***** DATASET SECTION *****
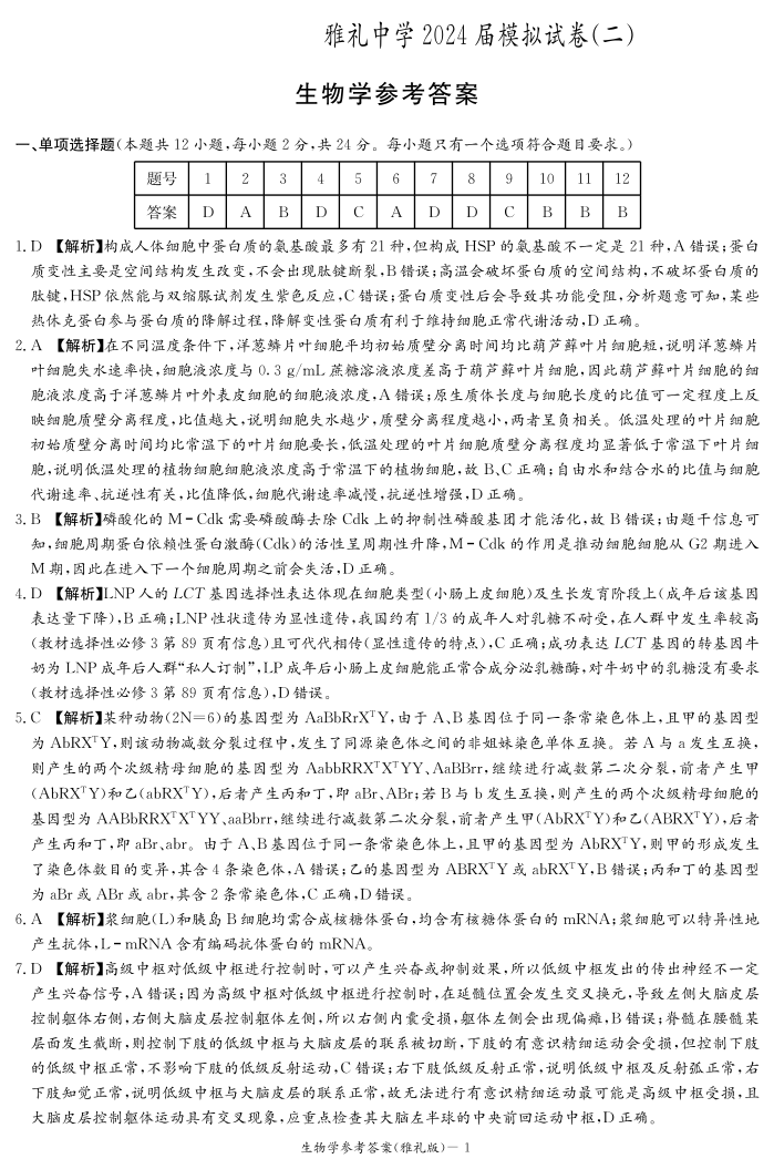 湖南省雅礼中学2024届高三下学期模拟考(二)生物答案
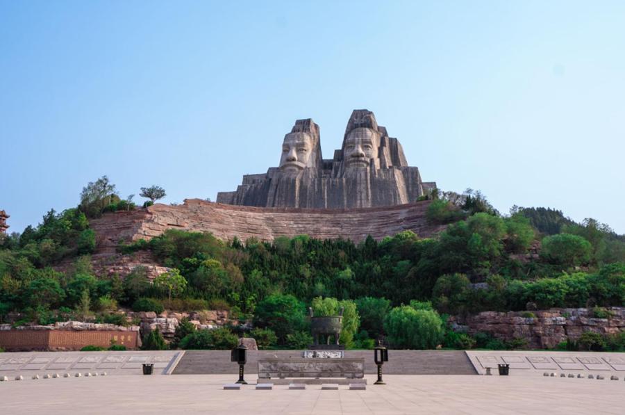 高度约106米,其中山高55米,像高51米,为世界知名大型雕塑之一,采用传统雕塑与建筑艺术结合手法建造。所使用的材料均是太行山真石,其中毛石7万多方,景石3万多吨。巨塑内部为双子座楼东侧10层,西侧11层,实用面积约8000平方米。眼长3米、鼻长8米,炎黄二帝两张巨大的脸合在一起就有1000多平方米。山体右下方是范曾教授为炎黄二帝塑像亲笔手书长达485字、长33米、宽3.3 米《炎黄赋》碑刻。塑像面朝黄河,融黄河、黄土、炎黄文化于一体,象征中华民族与大地共生、与山川同在的精神。基座由56个民族围合,配备钟、鼓及青铜鼎,仪式感强烈。
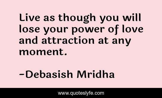 This page presents the quote "Live as though you will lose your power of love and attraction at any moment.". Author of this quote is Debasish Mridha. This quote is about miraboli, oscar-wilde, philosophy, debasish-mridha, power-of-love, live-every-moment, quotes, debasish-mridha-md, inspirational,.
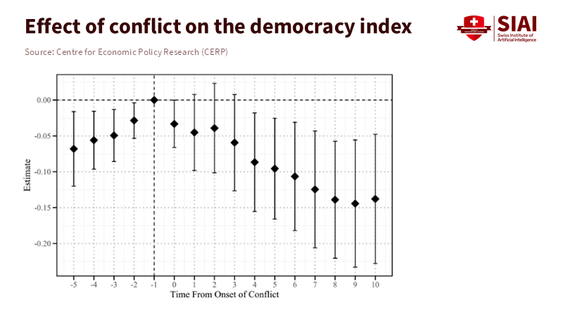 The central claim – that the start of a conflict predicts a multi-year decline in democracy in many cases – is based on comparing countries that went to war with similar countries that did not. These analyses use long-term conflict data (from after 1948) and democracy indicators from specialist evaluations of institutional measures. They show immediate declines in civil liberties, judicial independence, and media freedom, with the decline continuing for several years on average. The research shows that the effect is greater in internal conflicts and smaller in short conflicts, as well as those with external constraints. This isn't a universal rule, but it’s a strong, repeatable conditional effect.
*****
Without the pictures, write out the whole listing exactly as it appears.

 湖南省雅礼中学2024届高三下学期模拟考(二)生物答案
 高度约106米,其中山高55米,像高51米,为世界知名大型雕塑之一,采用传统雕塑与建筑艺术结合手法建造。所使用的材料均是太行山真石,其中毛石7万多方,景石3万多吨。巨塑内部为双子座楼东侧10层,西侧11层,实用面积约8000平方米。眼长3米、鼻长8米,炎黄二帝两张巨大的脸合在一起就有1000多平方米。山体右下方是范曾教授为炎黄二帝塑像亲笔手书长达485字、长33米、宽3.3 米《炎黄赋》碑刻。塑像面朝黄河,融黄河、黄土、炎黄文化于一体,象征中华民族与大地共生、与山川同在的精神。基座由56个民族围合,配备钟、鼓及青铜鼎,仪式感强烈。
 This page presents the quote "Live as though you will lose your power of love and attraction at any moment.". Author of this quote is Debasish Mridha. This quote is about miraboli, oscar-wilde, philosophy, debasish-mridha, power-of-love, live-every-moment, quotes, debasish-mridha-md, inspirational,.
 The central claim – that the start of a conflict predicts a multi-year decline in democracy in many cases – is based on comparing countries that went to war with similar countries that did not. These analyses use long-term conflict data (from after 1948) and democracy indicators from specialist evaluations of institutional measures. They show immediate declines in civil liberties, judicial independence, and media freedom, with the decline continuing for several years on average. The research shows that the effect is greater in internal conflicts and smaller in short conflicts, as well as those with external constraints. This isn't a universal rule, but it’s a strong, repeatable conditional effect.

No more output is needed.